Jim Jefferies, storyteller
Tutti i racconti e le battute, dall'esordio allo show agli Arcimboldi
Raccontami una storia
Come avevo annunciato nell’ultima puntata di Tendenza Groucho, ho colto l’occasione dell’arrivo di Jim Jefferies in Italia (si è esibito agli Arcimboldi di Milano lo scorso 19 aprile) per rivedere gli special di questo comico australiano. Il binge watching e il live mi hanno confermato che si tratta di uno dei migliori comedian in circolazione, più consapevole di molti colleghi rispetto al significato del suo lavoro e capace perciò di stare al passo coi tempi senza perdere un’oncia della sua comicità.
Apritevi una lattina di birra, e cominciamo.
Recuperato su Youtube, Contraband è datato 2008, e lo si capisce anche dal fatto che all’inizio Jefferies ringrazia il pubblico per essere venuto alla registrazione del suo primo DVD, che per chi non lo sapesse è un arcaico manufatto umano di forma circolare sul quale venivano incisi spettacoli, concerti e film, tutte cose di un passato perso tra le nebbie del tempo.
In prospettiva, questo show contiene già molti dei pattern che il comedian replicherà in tutta la sua carriera, qui ancora un po’ acerbi ma abbastanza rodati da funzionare.
Innanzitutto, si scorgono i tratti che lo porteranno a essere un grande storyteller che porta sul palco episodi della sua vita, racconti di persone che ha incontrato, riflessioni estemporanee. Come farà spesso, ad un certo punto si siede a bordo palco, quasi a cercare una dimensione più comoda nella quale raccontare.
Al centro di questo universo narrativo c’è la famiglia, fonte di affetto e incomprensioni: in Contraband Jefferies parla della nonna, morta di recente: “She had dementia or as I like to call it, honesty”. Un primo esempio della sua brutalità leggera, che gli permette di fare battute atroci senza mai risultare davvero pesante. Un suo pregio è proprio il non essere mai gratuito, non nel senso che dietro le battute ci sia sempre un ragionamento profondo (cosa che comunque accade non di rado) ma che la priorità non è scandalizzare, ma far ridere. Quando accosta la casa di Anna Frank all’outlet del porno c’è certamente la scelta di due poli estremamente distanti tra loro, ma la risata non scaturisce dal dileggio della vittima dei nazisti ma dall’immagine che Jefferies da di sé, talmente abietto da preferire il sesso a una visita in un luogo simbolo dell’Olocausto.

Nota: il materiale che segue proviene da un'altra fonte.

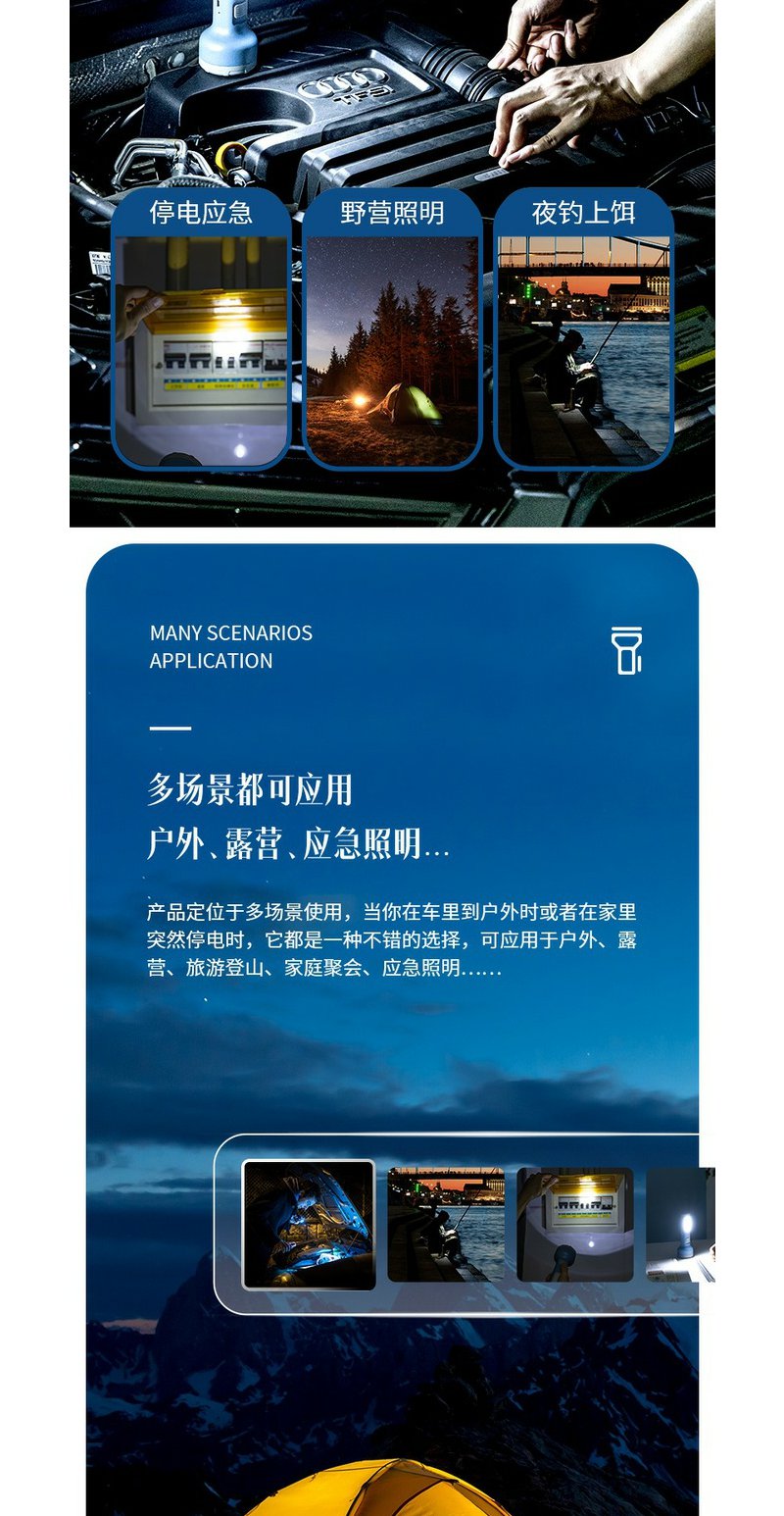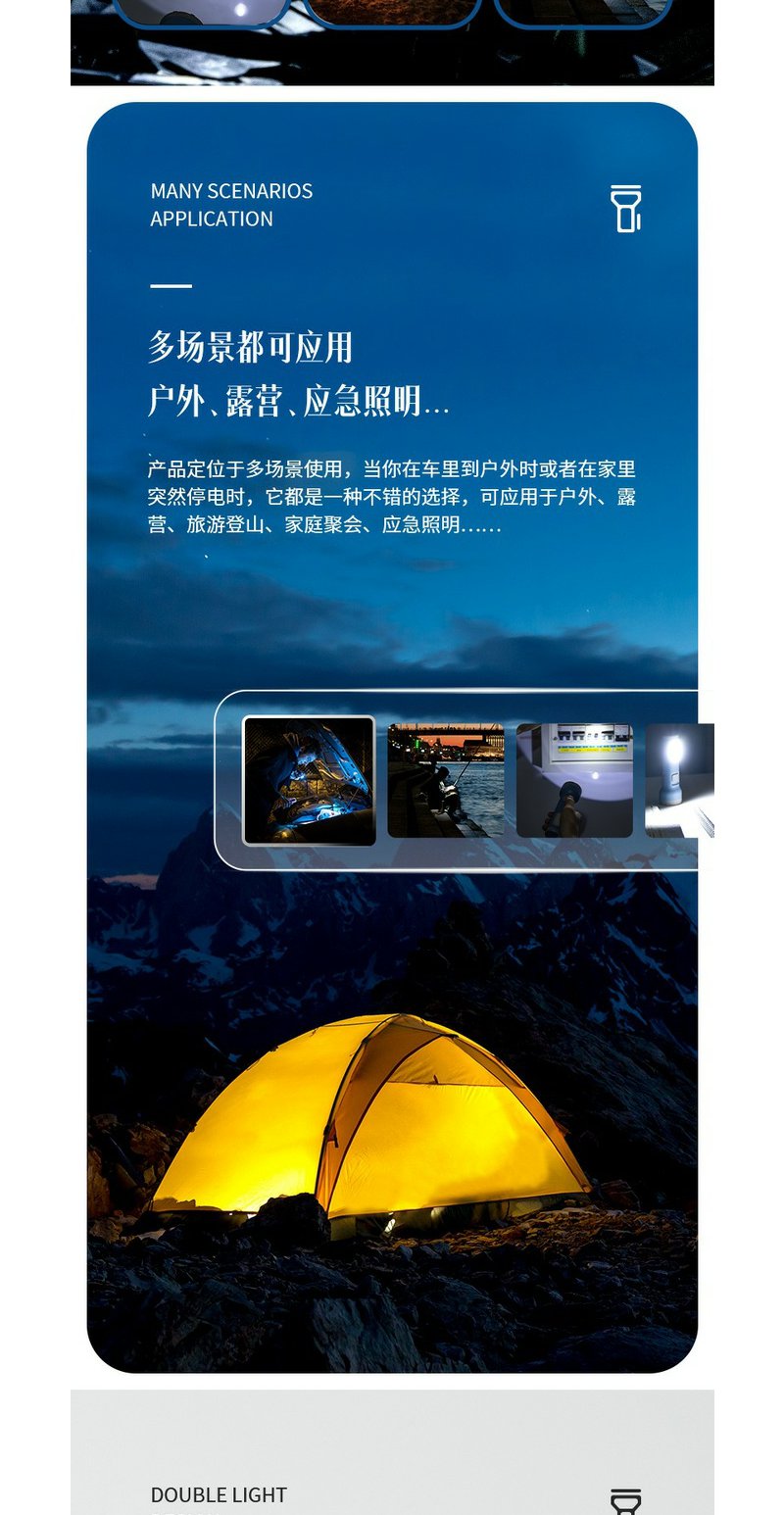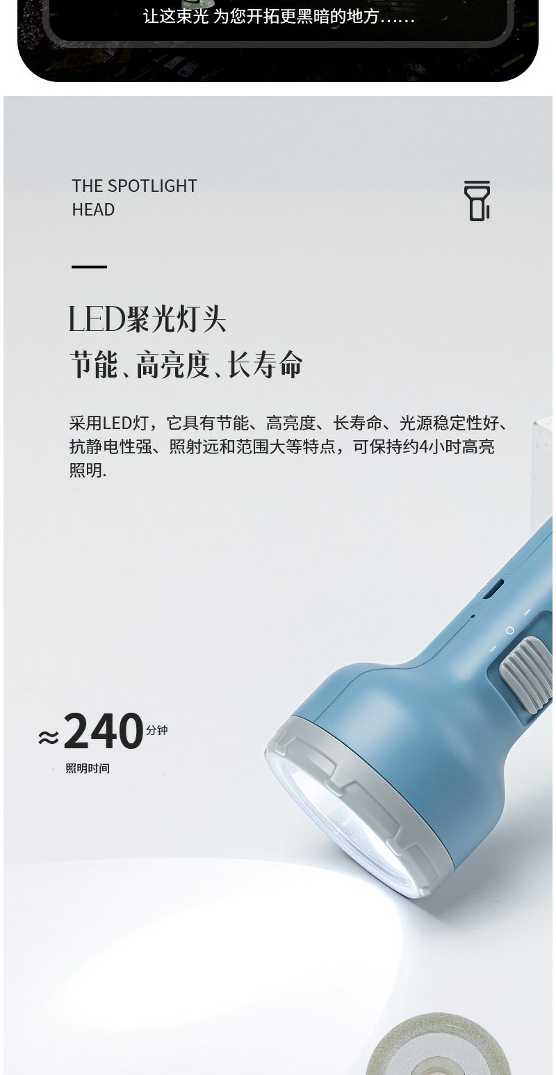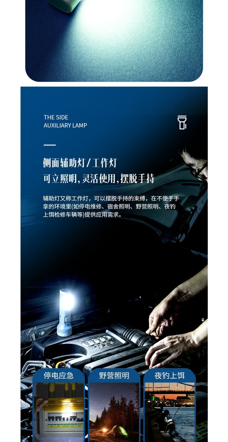 得力3662A充电式LED强光手电筒双照明设计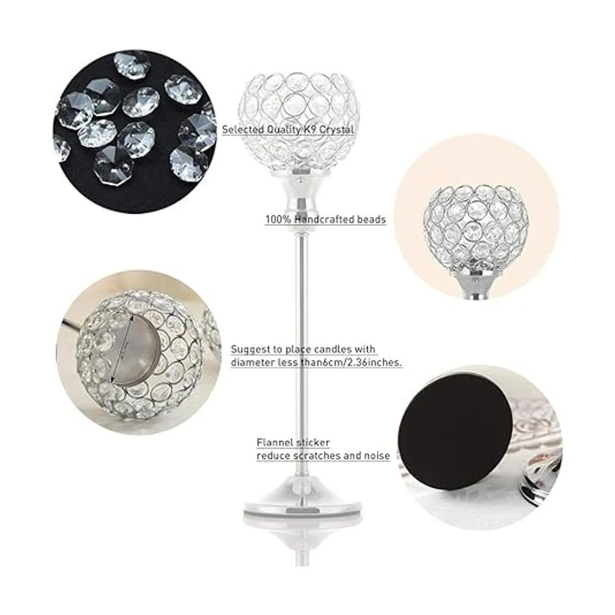 Combina con todo: se adapta mejor a velas electrónicas sin llama o velas de té, las luces reflejan el brillo de los cristales. También se puede combinar con flores, será una bonita decoración de centro de mesa para Acción de Gracias, Año Nuevo, bodas, fiestas, decoración de vacaciones u otros eventos especiales.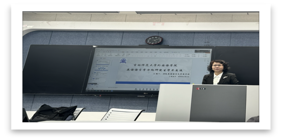 会上,2022级周子琦、王菲、王炫植、谭静和2023级江威炎、张文静、尹美琳、朱彤8位同学分别从语言学和文学方向,就课程学习、文献阅读、研究方向、科研方法、学术交流和学科竞赛以及发表论文等方面进行分享。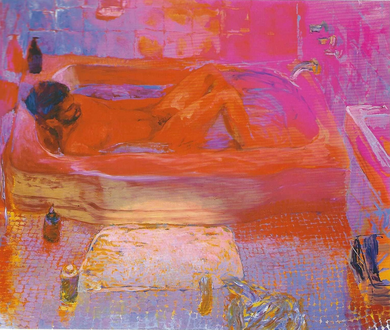 핏빛 욕조에 누운 이 남자는 자는 걸까? 죽은 걸까? 아무래도 모든 그림을 따뜻한 시선으로 보고 있는 요즘 나에게 이 그림도 살인현장보다는 몽환적인 꿈을 꾸고 있는 듯 포근하게만 느껴진다. 핑크색과 붉은색, 주황색에 보라색까지 조화를 이루고 있는 이 욕실에서 남자는 현실에서 동떨어진 새로운 세계에서 꿈을 꾸고 있는 듯 느껴진다.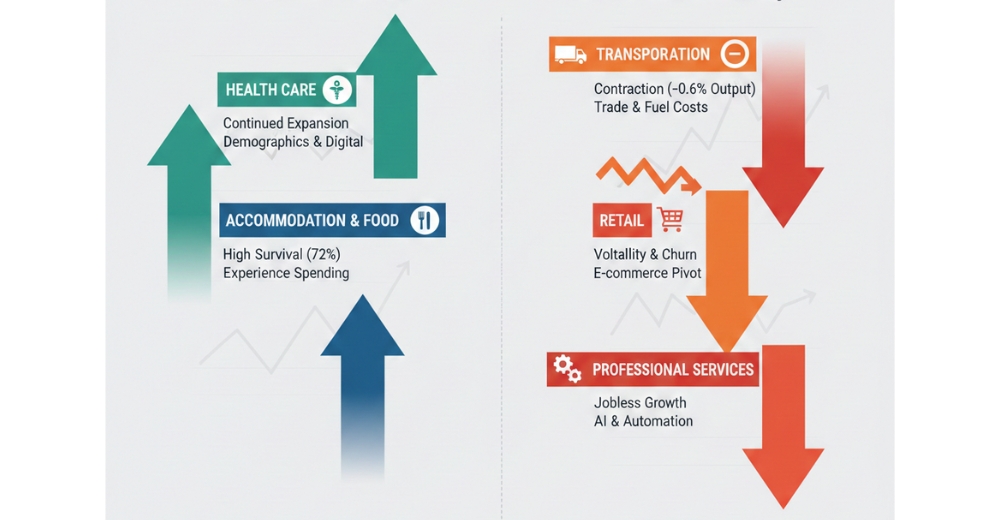 While certain essential service sectors (Health Care, Accommodation & Food) are growing or stabilizing, others — particularly Transportation, Retail, and Professional Services — are showing signs of contraction or volatility.
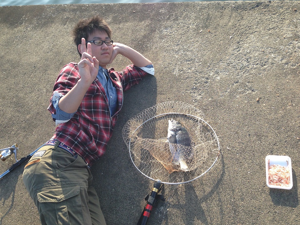 初めてチヌをつった田北氏!おみごと!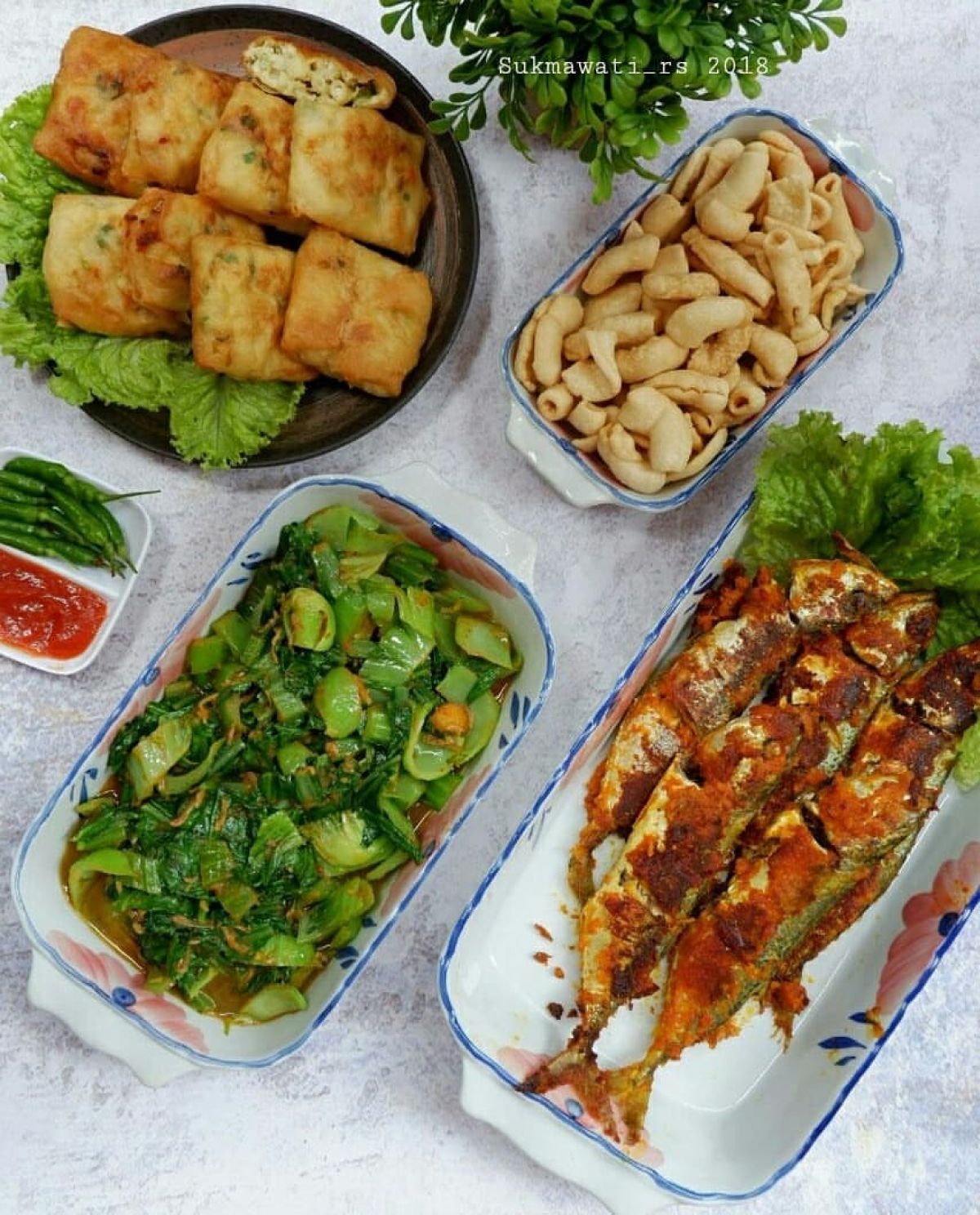 - Siapkan semua hidangan di meja makan! Sajikan Kembung Bakar, Tumis Sawi Pahit dengan Teri, dan Martabak Makaroni. Jangan lupa kerupuk sebagai pelengkap.

L’atteggiamento che ha sul palco rafforza questa strategia comica: non ha mai un tono serioso, è solo un uomo che parla di ciò che ha visto nel mondo, che sia un’uccisione da un elicottero a Baghdad o suo fratello che piscia sul tappeto in soggiorno, che stia facendo un pezzo contro le religioni (inserendo uno dei bit più espliciti sui musulmani che io abbia mai sentito), uno sul suo cancro al pene, con annessa campagna pubblicitaria di sensibilizzazione al problema, o un resoconto di una serata al Comedy Store di Manchester quando è stato aggredito da uno spettatore.
L’altro grande tema che accompagnerà Jefferies fino ai giorni nostri è l’alcol, qui presentato quasi come necessità filosofica: in una routine magistrale, che poi riproporrà perfezionata in I swear to God, spiega che “Anyone who doesn’t drink is a boring cunt” perché se non bevi tutte le tue storie fanno schifo, ma soprattutto che a nessuno piace il sapore, ma si beve perché la vita è una merda.
E’ proprio a causa dell’alcol che all’inizio dello show il comedian mantiene lo sguardo cupo e spento un po’ troppo a lungo, ma pian piano si sblocca e da quel momento non torna più indietro. Contraband è già molto divertente: i testi sono fortissimi, sostenuti dall’abilità espressiva (che esploderà negli special successivi) nell’usare i toni di voce, la mimica e la sua fisicità.
Una curiosità. questo special finisce in maniera strana: dopo aver chiesto alla regia quanto tempo ha ancora (perché c’è un altro spettacolo dopo il suo), Jefferies decide di fare un cavallo di battaglia, la storia degli ovetti anali, chiedendo al pubblico che già la conosce di non bruciargli le punchline; dopodiché recita quel monologo in maniera quasi automatica, molto veloce, proprio per star dentro il minutaggio rimasto, riducendo così l’efficacia del tutto. Una cosa che non ci si aspetterebbe da uno special registrato, ma che in qualche modo contribuisce alla spontaneità del personaggio.
I swear to God (2009) arriva quando Jefferies si è appena trasferito negli USA. Include diversi pezzi di Contraband rifiniti: quello sul concetto di paradiso e beatitudine eterna, che poi sfocia in una lunga (e imbattuta) tirata contro il cristianesimo, quello del vibratore trovato in garage quando lui e suo fratello erano piccoli, l’incomprensione nel locale gay in Sudafrica, l’ovetto anale. Per chi fa il comico è molto interessante fare il raffronto tra i due show perché è la dimostrazione di come i pezzi crescono, evolvono, e non solo perché si trovano nuove battute o parole migliori per joke già scritti, ma anche perché l’attitudine e il modo di dirle (frutto di allenamento e esperienza) migliorano di molto la riuscita dei monologhi.
Tra i pezzi nuovi, il racconto della partita di calcio Australia-Brasile ai mondiali di calcio in Germania nel 2006 che lui e il padre sono andati a vedere e la rievocazione delle prese in giro che Jim e suo fratello facevano alla madre perché era grassa: la conferma definitiva della centralità nelle opere di Jefferies degli affetti più cari, che sono quelli più invadenti e più terribilmente esilaranti.
Il suo personaggio è già ben costruito: un cazzone, abitato da bassi istinti, ma capace anche di riflessioni sulla società.
Affrontiamo ora il topic più caldo quando si parla di Jefferies: le donne. E’ innegabile che il comedian abbia un linguaggio estremamente crudo, e sicuramente diverso materiale nasce da un rapporto a dir poco conflittuale, che lui non fa nulla per celare. Ma se si analizza meglio quello che esprime, mi pare che risulti sempre meno problematico di quanto sembri a prima vista.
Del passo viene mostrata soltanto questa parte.